Modification of rVWF with Polysialic Acid: Biochemical and Functional Characterization in Mice with VWD.

Post-translational glycosylation determines the pharmacodynamic and pharmacokinetic properties of therapeutic proteins. While desialylation of FVIII/VWF (asialo-FVIII/VWF) has a significantly reduced half-life compared to normal FVIII/VWF complex (Sodetz et al 1977), we tried to introduce additional sialic acids on rVWF to obtain the opposite: prolonged survival of rVWF in the circulation. Additional sialic acid residues were introduced to rVWF by chemically attaching polysialic acid (PSA, colominic acid) to lysines on recombinant VWF. rVWF was purified from the cell culture supernatant of CHO cells co-expressing rFVIII and rVWF. Coupling of PSA was performed by terminal oxidation of the vicinal diols in PSA to aldehydes and binding to the primary amino groups in the VWF molecule by Schiff-base formation. Schiff-bases were stabilized by reduction with NaCNBH₃ under formation of a secondary amine.

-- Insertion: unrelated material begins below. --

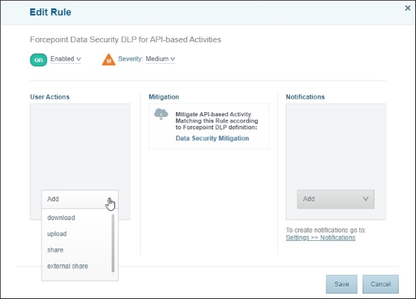 If a user performs an action that matches the action selected here, Forcepoint CASB performs the selected mitigation.
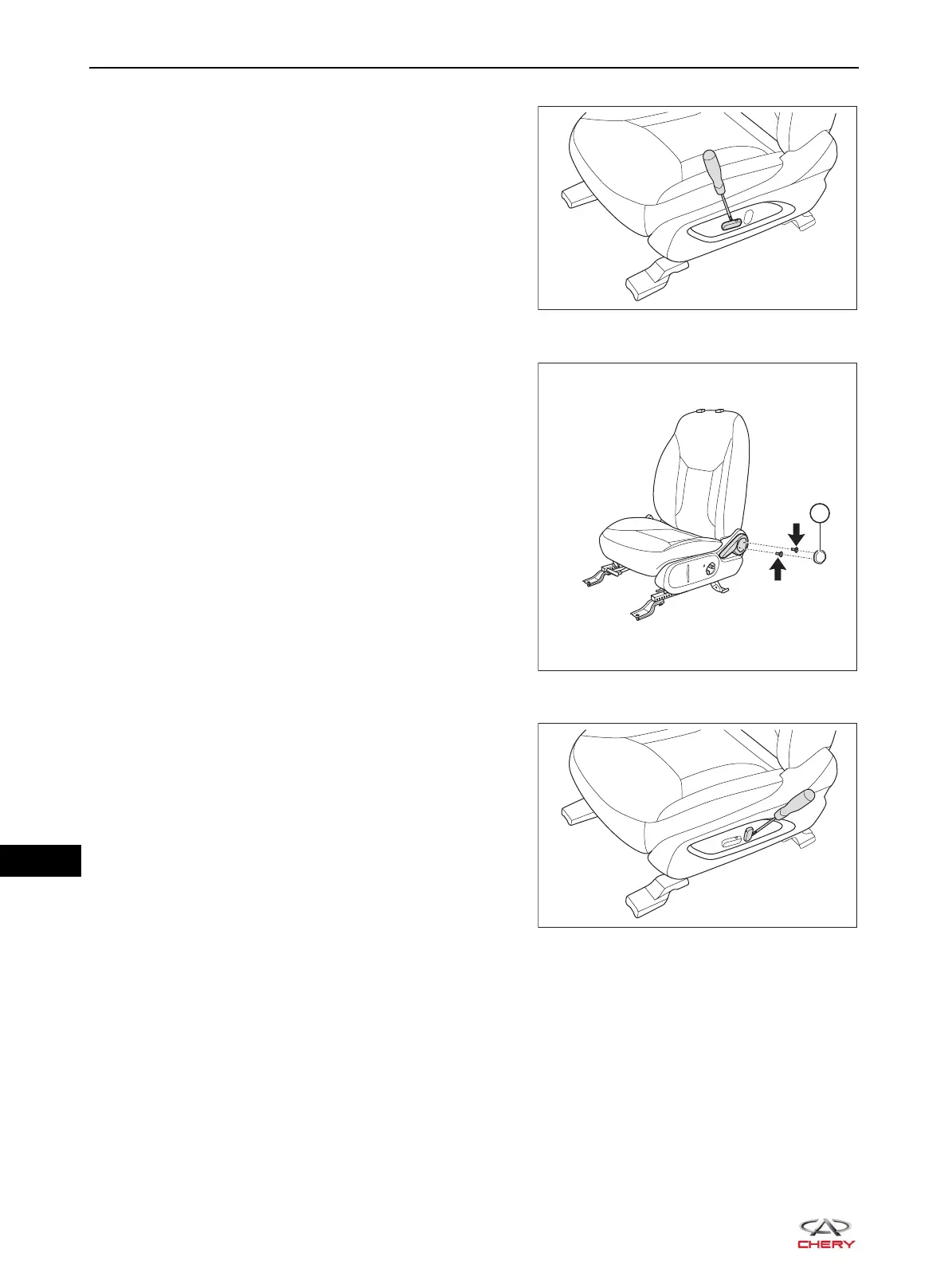 6. Remove the driver seat reclining adjuster handle.

PSA-rVWF conjugates retained their multimeric structure but had slightly increased molecular sizes of the VWF sub-units due to bound PSA. The attachment of PSA to rVWF resulted in a decrease of RCo activity and a decrease in FVIII binding capacity to approximately 60%.

Administration of PSA-rVWF at a dose of 100 units rVWF antigen per kg to VWF-deficient mice resulted in a 2-fold increase in the survival of rVWF as compared to non-modified rVWF. A secondary rise in endogenous murine FVIII after substitution of VWD mice with human VWF occurred elevating FVIII levels from 0.1 (baseline) to 0.4 IU FVIII/mL at 3 hours after application of both non-modified and polysialylated rVWF. Maximum levels of ~ 0.4 IU FVIII/mL were maintained for more than 20 hours in the group treated with PSA-rVWF despite the reduced FVIII binding capacity observed in vitro, while FVIII levels in mice treated with non-modified rVWF steadily declined and returned to their baseline level after 21 hours. The FVIII AUC was 5.3 and 3.3 IU/mL/hr for mice treated with PSA-rVWF and non-modified rVWF, respectively.

We conclude that polysialylation of rVWF represents a method to prolong the survival of rVWF in the circulation.